Aside from the pictures, copy the listing exactly.

----- GIVEN DATA -----

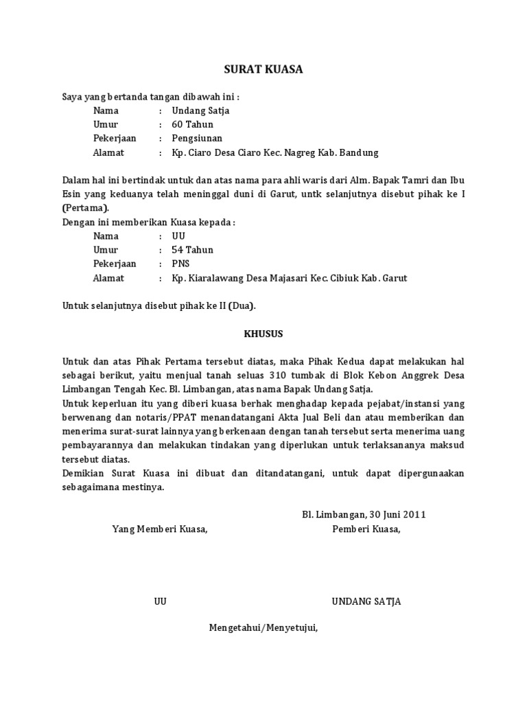 Jangan sampai bahasamu menimbulkan polemik atau bahkan multitafsir. Dalam jual beli semacam ini ada beberapa hal yang perlu kita ketahui. Ketika anda ingin menjual sebidang tanah, namun lokasinya berada jauh dari domisili saat ini. Surat kuasa dibuat oleh seseorang yang memiliki kesibukan atau halangan tertentu dan diberikan kepada orang lain yang terpercaya dikarenakan yang bersangkutan tidak dapat melakukan suatu hal. Sebelum membuat surat kuasa, ada baiknya ketahui contoh surat kuasa yang baik dan benar terlebih dahulu.
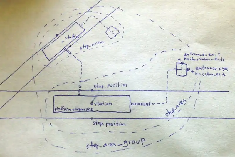 Of these objects, only the station node is mandatory for each station. Also, if possible, mark the subway entrance points, so routers won't bring people to an overground location of an underground station.
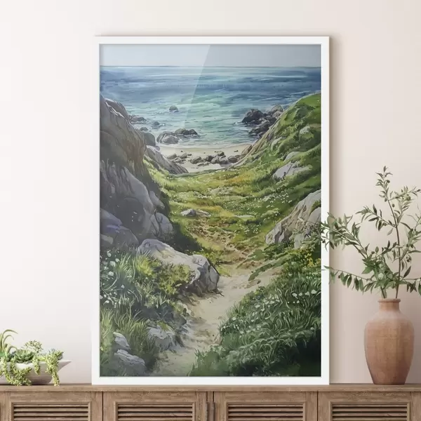 Plakatas Jūros pakrantė su akmenimis ir žalia žole, akvarelės stilius, vasara Ne f44616
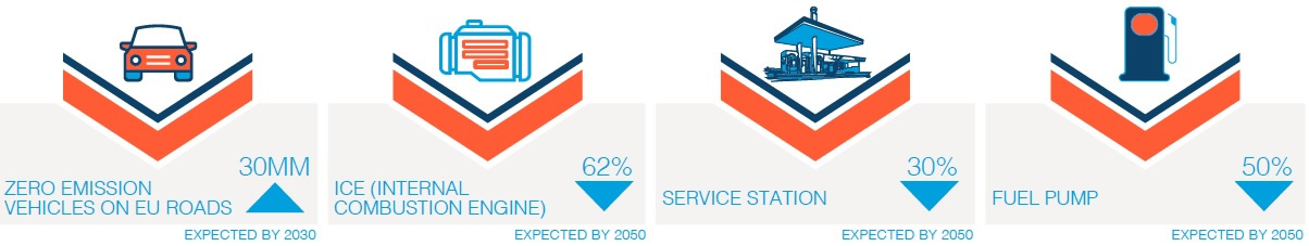 Der europäische Tankstellensektor befindet sich im Umbruch: In den letzten zehn Jahren ist die Zahl der Tankstellen um 15 % zurückgegangen, sodass es derzeit nur noch 100.000 Tankstellen gibt. Laut Prognosen ist bis zum Jahr 2050 ein weiterer Rückgang auf weniger als 70.000 Einheiten zu erwarten, begleitet von einer erheblichen Verringerung der insgesamt verkauften Kraftstoffmenge um 50%. Dieser Wandel wird durch das prognostizierte Ende der Ära der Verbrennungsmotoren (ICE) und den Übergang hin zu Elektrofahrzeugen (EV) und Hybridelektrofahrzeugen (HEV) vorangetrieben. Das erklärte Ziel sind 30 Millionen emissionsfreie Fahrzeuge auf EU-Straßen bis 2030. Der demografische Wandel und die Urbanisierung tragen ebenfalls zu dieser sich verändernden Landschaft bei. Hierbei befinden sich städtische Tankstellen wahrscheinlich in einer stärkeren Position als ländliche, da letztere am meisten gefährdet sind.
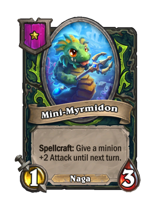 Mini-Myrmidon is a Tier 1 Naga Minion in Hearthstone Battlegrounds with 1/3 stats featuring Spellcraft. Effect: Spellcraft: Give a minion +2 Attack until next turn. This card is no longer in the pool (Legacy).
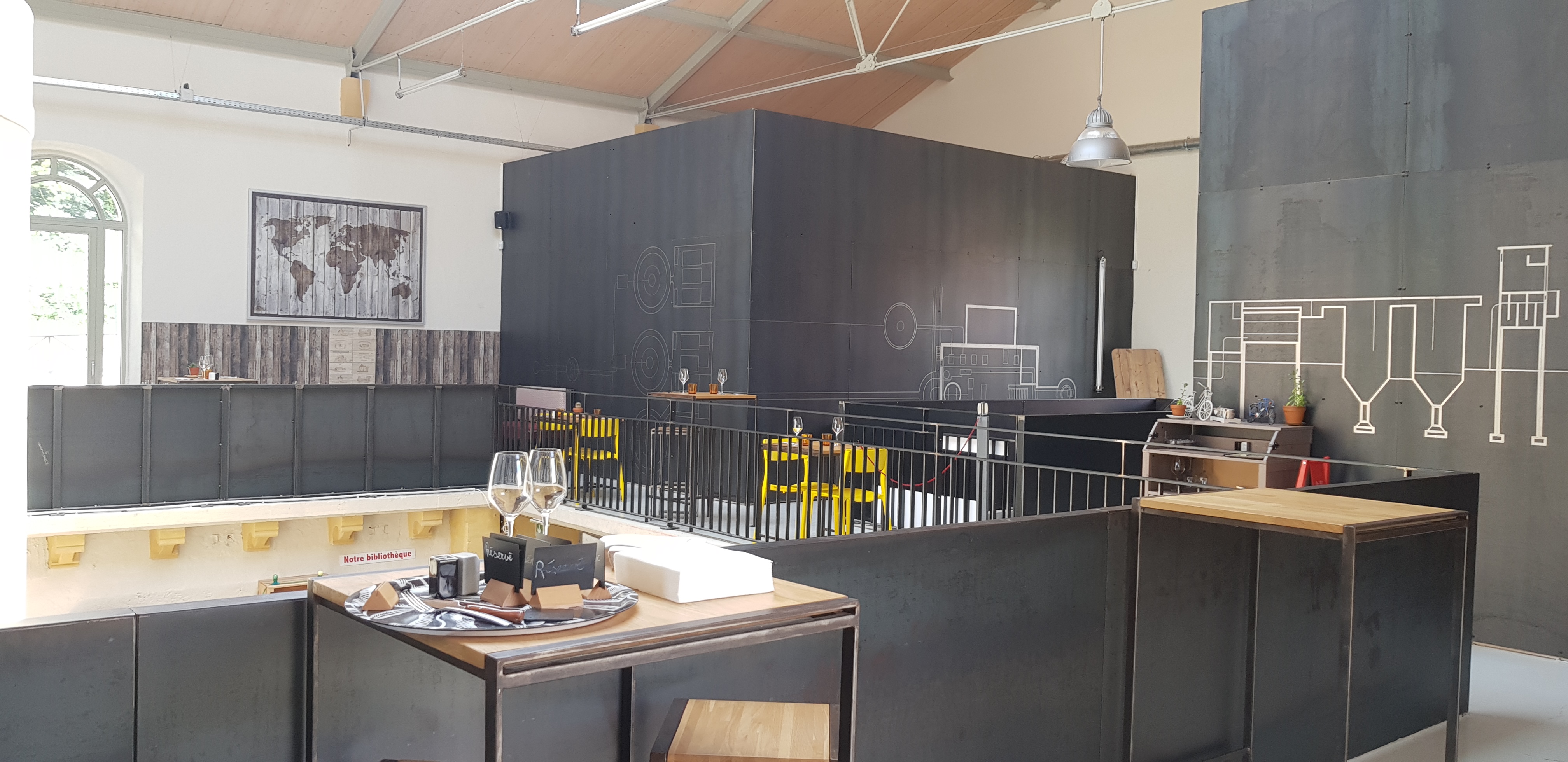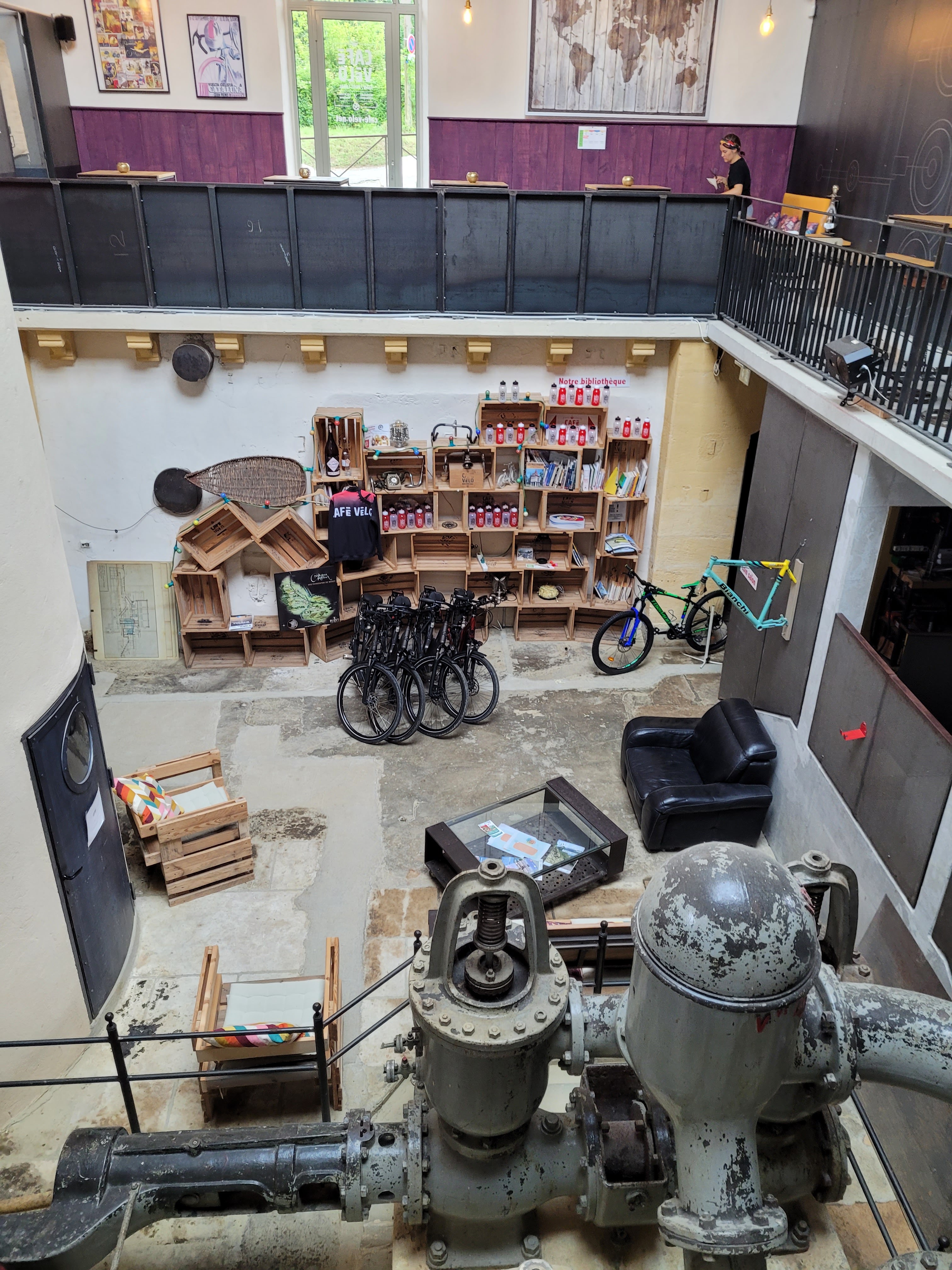 Lieu très sympa établi dans une ancienne usine de pompage. Je mets un 3 non pas pour le café lui même qui mériterait un 4 Mais pour la location de vélo. Nous avons louer deux fois, la première, un collier de serrage du tube de selle d'un des deux vélos à lâché donc mon fils à fait une quinzaine de kilomètres avec une selle complément baissée, le seconde nous est heureusement arrivée lors de l'essai des vélos lorsque le dérailleur est partit dans les rayons et donc était inutilisable. La personne présente n'est pas à blâmer, il manque simplement au minimum une personne supplémentaire dédiée à l'atelier seulement et la préparation des vélos. Une seule personne ne peut pas s'occuper sérieusement des vélos et du comptoir.

-----

> _YOUR SOLUTION_
 Jangan sampai bahasamu menimbulkan polemik atau bahkan multitafsir. Dalam jual beli semacam ini ada beberapa hal yang perlu kita ketahui. Ketika anda ingin menjual sebidang tanah, namun lokasinya berada jauh dari domisili saat ini. Surat kuasa dibuat oleh seseorang yang memiliki kesibukan atau halangan tertentu dan diberikan kepada orang lain yang terpercaya dikarenakan yang bersangkutan tidak dapat melakukan suatu hal. Sebelum membuat surat kuasa, ada baiknya ketahui contoh surat kuasa yang baik dan benar terlebih dahulu.
 Of these objects, only the station node is mandatory for each station. Also, if possible, mark the subway entrance points, so routers won't bring people to an overground location of an underground station.
 Plakatas Jūros pakrantė su akmenimis ir žalia žole, akvarelės stilius, vasara Ne f44616
 Der europäische Tankstellensektor befindet sich im Umbruch: In den letzten zehn Jahren ist die Zahl der Tankstellen um 15 % zurückgegangen, sodass es derzeit nur noch 100.000 Tankstellen gibt. Laut Prognosen ist bis zum Jahr 2050 ein weiterer Rückgang auf weniger als 70.000 Einheiten zu erwarten, begleitet von einer erheblichen Verringerung der insgesamt verkauften Kraftstoffmenge um 50%. Dieser Wandel wird durch das prognostizierte Ende der Ära der Verbrennungsmotoren (ICE) und den Übergang hin zu Elektrofahrzeugen (EV) und Hybridelektrofahrzeugen (HEV) vorangetrieben. Das erklärte Ziel sind 30 Millionen emissionsfreie Fahrzeuge auf EU-Straßen bis 2030. Der demografische Wandel und die Urbanisierung tragen ebenfalls zu dieser sich verändernden Landschaft bei. Hierbei befinden sich städtische Tankstellen wahrscheinlich in einer stärkeren Position als ländliche, da letztere am meisten gefährdet sind.
 Mini-Myrmidon is a Tier 1 Naga Minion in Hearthstone Battlegrounds with 1/3 stats featuring Spellcraft. Effect: Spellcraft: Give a minion +2 Attack until next turn. This card is no longer in the pool (Legacy).
 Lieu très sympa établi dans une ancienne usine de pompage. Je mets un 3 non pas pour le café lui même qui mériterait un 4 Mais pour la location de vélo. Nous avons louer deux fois, la première, un collier de serrage du tube de selle d'un des deux vélos à lâché donc mon fils à fait une quinzaine de kilomètres avec une selle complément baissée, le seconde nous est heureusement arrivée lors de l'essai des vélos lorsque le dérailleur est partit dans les rayons et donc était inutilisable. La personne présente n'est pas à blâmer, il manque simplement au minimum une personne supplémentaire dédiée à l'atelier seulement et la préparation des vélos. Une seule personne ne peut pas s'occuper sérieusement des vélos et du comptoir.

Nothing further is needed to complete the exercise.